Basically, Reynolds and Williams are the two in charge of booking the travel for all of the Chiefs' games, which includes all transportation and security, hotel rooms and accommodations, and making sure that everything goes without a hitch every step of the way.
But their responsibilities don't end there. They also plan events and do all of the logistics for training camp every year, and during practices and workouts, they are running around with the scout team—getting the team prepared for their upcoming opponent.
"It's a very behind-the-scenes job," Reynolds explained of handling all of the travel. "If you're going to book travel for yourself, you're really 10 mouse clicks away from having your entire trip booked—the airplane ticket, the hotel, and a rental car—it's all done. But to do it for 175 people, it takes months of hotel contracts and airline contracts, rooming lists, going through floor layouts and meeting room setups, and everything else along those lines that goes with it.
"There's a lot of work that goes into it and if you do a job good job, nobody notices. No news is good news. The only time my phone rings on the road is if something goes wrong."
Williams, who interned for the Chiefs in 2013 before being promoted to his current position, explained that a lot of their prep work each year can be done in advance because they will know which teams they're playing on the road, although they won't have the exact dates until the schedule comes out.
"Our main thing is entry and exit," Williams explained. "It's one of our primary functions. What hotel gives us the best chance to get in and get out without a lot of problems. When these hotels meet with us and say they can get our party of 175 people checked in and up to their rooms in seven minutes, that sounds great to us. Our goal is just to make it as easy as possible."

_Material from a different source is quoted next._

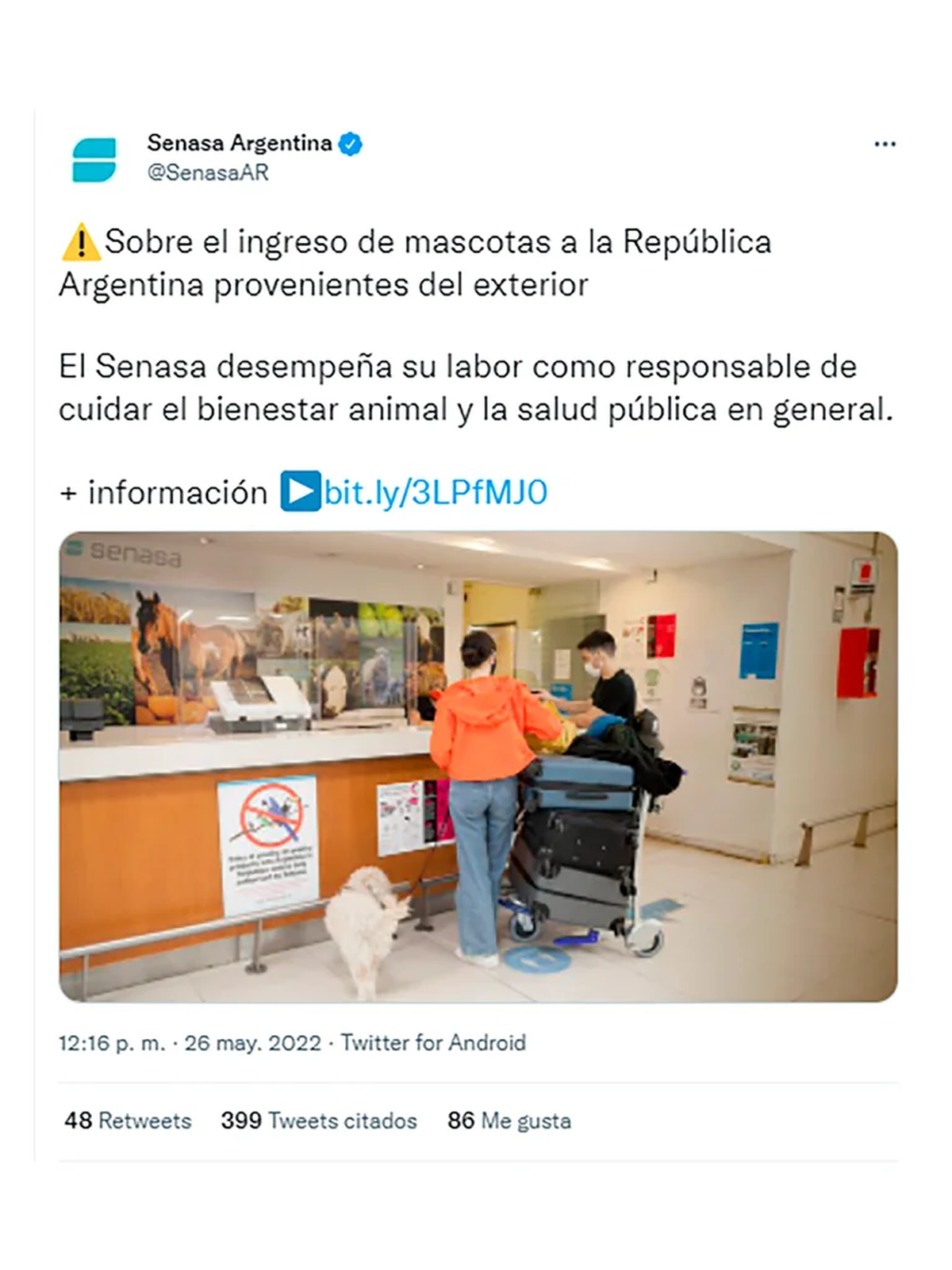 El tuit del Senasa sobre la situación de Coco

Every year at the same league meetings that the awards are presented, the top hotels from across the country will come and present to all of the teams. They will provide diagrams of their facilities, available dates and other pertinent information to help Reynolds, Williams, and their peers across the league begin to make lists of who to call once the schedule is released.
The goal is to have all hotel contracts wrapped up by May—just a month after the schedule is released. After that point and in the days and weeks leading up to the trip, it's a lot of communication with the hotels on the finer details.
"We're talking about the flow throughout the night—what they can expect, peak times when they can expect large groups of people, and how we want meeting rooms set up because we want to mimic the Chiefs' offices," Williams explained of that communication process. "We just explain our program to the hotel and share our expectations. We want to be as clear as possible, which means it's a lot of conference calls throughout the week.
"There's a lot of give and take—a lot of compromises because these hotels know their facility and layout better than we do."
The ability of Reynolds and Williams to properly communicate everything they need in advance is one of the reasons they're viewed so favorably by the hotels and various people they work with on setting up the travel each year. It's why they've won the award twice in five years.
For Reynolds, who because of the respect he's gained across the league for how he handles his business has recently led him to become the head of the NFL's Travel Director's Meetings each Spring, the small and tight-knit fraternity of travel directors across the league provides an invaluable resource to each of them to use should they ever have any questions.
"We talk throughout the year," Reynolds explained of his peers across the league. "All of us are pretty close and pretty open and pretty candid when we know it's just going to be the 32 of us talking at these meetings. A lot of the info stays in the room. We're a tight group. We are each other's best resources because we all go through the same thing and although the teams play, it's not like we're going against each other. No one wants to see anyone else fail."
"Mitch has been great at teaching me to over-communicate on the front end," Williams added. "And to make sure that every little thing that we could possibly think of that might seem small to us, make it as big as possible to the hotel, so we've overcommunicated that.
"We know it's not always going to go perfect, and it's about how we handle ourselves in those moments when something does go wrong and being flexible during those times."
Overall, the ability of Reynolds and Williams, who also go out of their way to make sure each individual coach and player have whatever they want during these trips, to make the travel for the 175 or so people going to the Chiefs' road games each week a smooth process, obviously won't show up in a box score or anything, but it's one less thing the players and coaches who do have a hand in determining wins and losses each week have to worry about in the 36 or so hours they have out on the road before the game.
So, when it comes to booking travel for an NFL team, you might never see or hear about the people behind the scenes who do this work, and if all goes right, you never will, but they matter, and the Chiefs boast two of the best in the league.
"We always pride ourselves on saying we want to be the best in the league at what we do," Williams added. "So, it's an honor when you see your name up on that board and win this award in front of your peers."